* [Problem statement] A faithful transcription of all the data, images excluded, is the required answer.
Given information below:
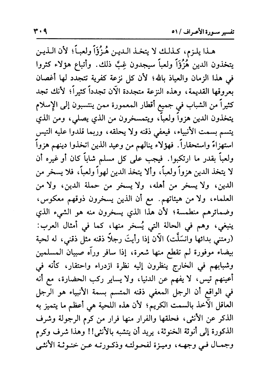 هذا يلزم، كذلك لا يتخذ الدين هُزُؤاً ولعباً؛ لأن الذين يتخذون الدين هُزُؤًا ولعباً سيجدون غِبَّ ذلك. وأتباع هؤلاء كثروا في هذا الزمان والعياذ بالله؛ لأن كل نزعة كفرية تتجدد لها أغصان بعروقها القديمة، وهذه النزعة متجددة الآن تجدداً كثيراً؛ لأنك تجد كثيراً من الشباب في جميع أقطار المعمورة ممن ينتسبون إلى الإسلام يتخذون الدين هزؤاً ولعباً، ويتمسخرون من الذي يصلي، ومن الذي يتسم بسمت الأنبياء، فيعفي ذقنه ولا يحلقه، وربما قلدوا عليه التيس استهزاءً واستحقاراً، فهؤلاء ينالهم من وعيد الذين اتخذوا دينهم هزؤاً ولعباً بقدر ما ارتكبوا، فيجب على كل مسلم شابّاً كان أو غيره أن لا يتخذ الدين هزواً ولعباً، وألا يتخذ الدين لهواً ولعباً، فلا يسخر من الدين، ولا يسخر من أهله، ولا يسخر من حملة الدين، ولا من العلماء، ولا من هيئاتهم. مع أن الذين يسخرون ذوقهم معكوس، وضمائرهم منطمسة؛ لأن هذا الذي يسخرون منه هو الشيء الذي ينبغي، وهم في الحالة التي يُسخر منها، كما في أمثال العرب: (رمتني بدائها وانسَلَّت) الآن إذا رأيتَ رجلاً ذقنه مثل ذقني، له لحية بيضاء موفورة لم تقطع منها شعرة، إذا سافر ورآه صبيان المسلمين وشبابهم في الخارج ينظرون إليه نظرة ازدراء واحتقار، كأنه في أعينهم تيس، لا يفهم عن الدنيا، ولا يساير ركب الحضارة، مع أنه في الواقع أن الرجل المعفي ذقنه المتسم بسمة الأنبياء هو الرجل العاقل الآخذ بالسمت الكريم؛ لأن هذه اللحية هي أعظم ما يتميز به الذكر عن الأنثى، فحلقها والفرار منها فرار من كرم الرجولة وشرف الذكورة إلى أنوثة الخنوثة، يريد أن يتشبه بالأنثى!! وهذا شرف وكرم وجمال في وجهه، وميزة لفحولته وذكورته عن خنوثة الأنثى
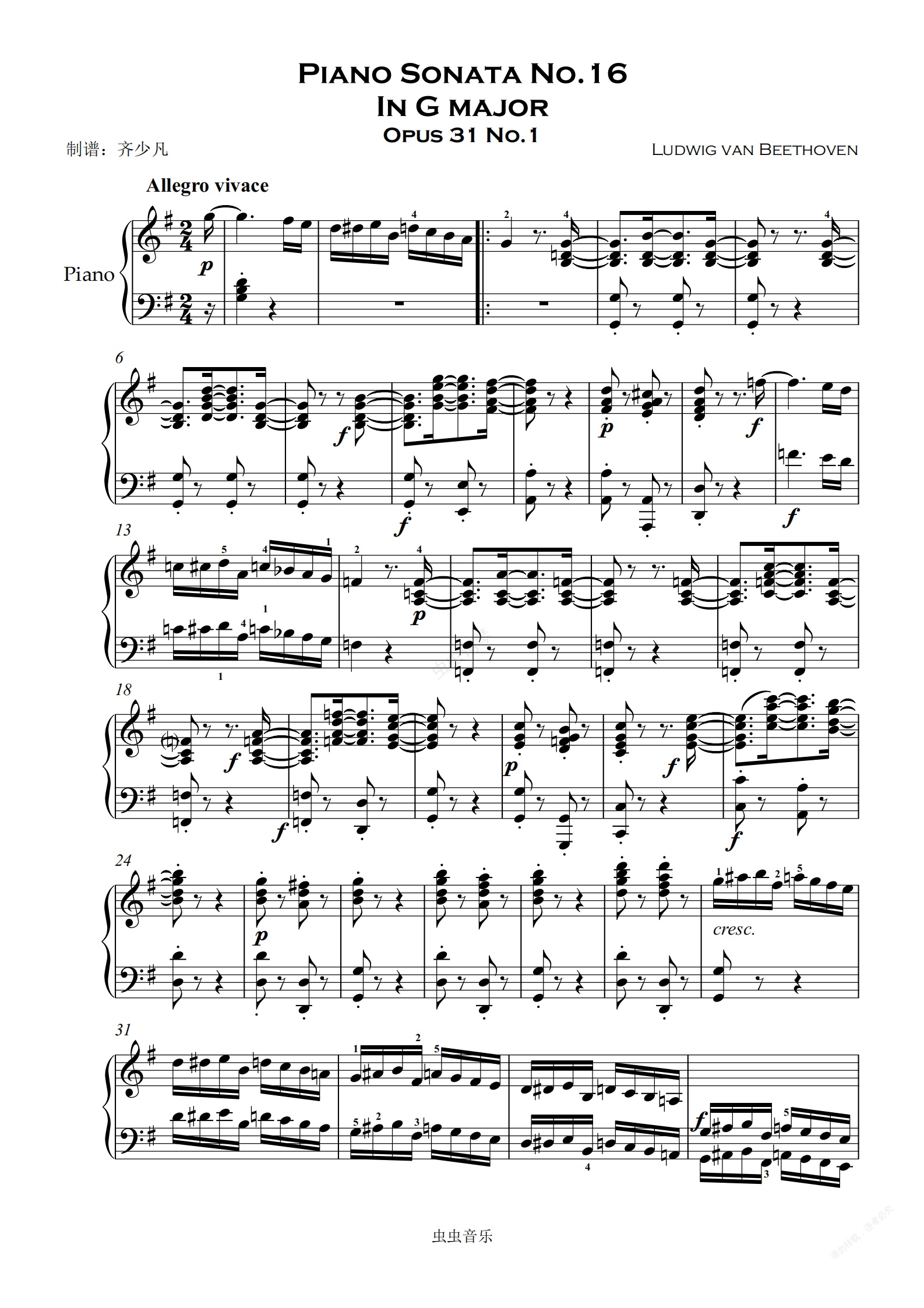第十六钢琴奏鸣曲G大调-贝多芬钢琴奏鸣曲全集计划
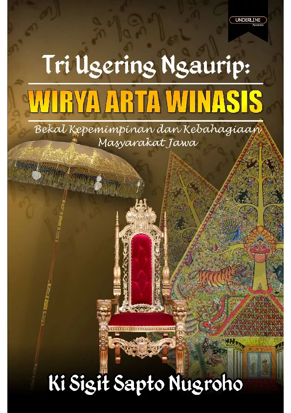 Wiryn Arta Winasis adalah sebuah kata yang penuh makna filosofis bagi Masyarakat Jawa karena kata kata tersebut dijadikan semacam pedoman tri ugering ngaurip Pedoman tersebut merupakan motivasi penggerak dalam bekerja mencari nafkah untuk hidup dan kehidupan di mana sejumlah faktor yang sangat berperan dalam kehidupan masyarakat Jawa Di antaranya terdiri dari wiry sebagai bentuk penjagaan kehormatan dan martabat manusia dalam suatu masyarakat Arta yang berdimensi pada terciptanya kemandirian finansial dan Winasis yang mengedepankan kecerdasan multidimensi terutama kecerdasan intelektual IQ emosional EQ dan Spiritual SQ untuk mewujudkan manusia seutuhnya menuju kebahagiaan masyarakat Jawa Sepuh Wutuh dan Tangguh yang berpegang teguh pada Memayu Hayuning Bawana Buku ini merupakan manisfestasi kegundahan hati penulis untuk merupakan pengendapan perjalanan panjang yang mencoba menggunakan osik bathin yang sempat melahirkan kenikmatan natural yang sulit dibayangkan penulis ketika memasuki dunia etik spiritual Jawa yang penuh falsafah yang adiluhung Salam literasi untuk negeri
End of Given information.
* [The completed task]
 هذا يلزم، كذلك لا يتخذ الدين هُزُؤاً ولعباً؛ لأن الذين يتخذون الدين هُزُؤًا ولعباً سيجدون غِبَّ ذلك. وأتباع هؤلاء كثروا في هذا الزمان والعياذ بالله؛ لأن كل نزعة كفرية تتجدد لها أغصان بعروقها القديمة، وهذه النزعة متجددة الآن تجدداً كثيراً؛ لأنك تجد كثيراً من الشباب في جميع أقطار المعمورة ممن ينتسبون إلى الإسلام يتخذون الدين هزؤاً ولعباً، ويتمسخرون من الذي يصلي، ومن الذي يتسم بسمت الأنبياء، فيعفي ذقنه ولا يحلقه، وربما قلدوا عليه التيس استهزاءً واستحقاراً، فهؤلاء ينالهم من وعيد الذين اتخذوا دينهم هزؤاً ولعباً بقدر ما ارتكبوا، فيجب على كل مسلم شابّاً كان أو غيره أن لا يتخذ الدين هزواً ولعباً، وألا يتخذ الدين لهواً ولعباً، فلا يسخر من الدين، ولا يسخر من أهله، ولا يسخر من حملة الدين، ولا من العلماء، ولا من هيئاتهم. مع أن الذين يسخرون ذوقهم معكوس، وضمائرهم منطمسة؛ لأن هذا الذي يسخرون منه هو الشيء الذي ينبغي، وهم في الحالة التي يُسخر منها، كما في أمثال العرب: (رمتني بدائها وانسَلَّت) الآن إذا رأيتَ رجلاً ذقنه مثل ذقني، له لحية بيضاء موفورة لم تقطع منها شعرة، إذا سافر ورآه صبيان المسلمين وشبابهم في الخارج ينظرون إليه نظرة ازدراء واحتقار، كأنه في أعينهم تيس، لا يفهم عن الدنيا، ولا يساير ركب الحضارة، مع أنه في الواقع أن الرجل المعفي ذقنه المتسم بسمة الأنبياء هو الرجل العاقل الآخذ بالسمت الكريم؛ لأن هذه اللحية هي أعظم ما يتميز به الذكر عن الأنثى، فحلقها والفرار منها فرار من كرم الرجولة وشرف الذكورة إلى أنوثة الخنوثة، يريد أن يتشبه بالأنثى!! وهذا شرف وكرم وجمال في وجهه، وميزة لفحولته وذكورته عن خنوثة الأنثى
第十六钢琴奏鸣曲G大调-贝多芬钢琴奏鸣曲全集计划
 Wiryn Arta Winasis adalah sebuah kata yang penuh makna filosofis bagi Masyarakat Jawa karena kata kata tersebut dijadikan semacam pedoman tri ugering ngaurip Pedoman tersebut merupakan motivasi penggerak dalam bekerja mencari nafkah untuk hidup dan kehidupan di mana sejumlah faktor yang sangat berperan dalam kehidupan masyarakat Jawa Di antaranya terdiri dari wiry sebagai bentuk penjagaan kehormatan dan martabat manusia dalam suatu masyarakat Arta yang berdimensi pada terciptanya kemandirian finansial dan Winasis yang mengedepankan kecerdasan multidimensi terutama kecerdasan intelektual IQ emosional EQ dan Spiritual SQ untuk mewujudkan manusia seutuhnya menuju kebahagiaan masyarakat Jawa Sepuh Wutuh dan Tangguh yang berpegang teguh pada Memayu Hayuning Bawana Buku ini merupakan manisfestasi kegundahan hati penulis untuk merupakan pengendapan perjalanan panjang yang mencoba menggunakan osik bathin yang sempat melahirkan kenikmatan natural yang sulit dibayangkan penulis ketika memasuki dunia etik spiritual Jawa yang penuh falsafah yang adiluhung Salam literasi untuk negeri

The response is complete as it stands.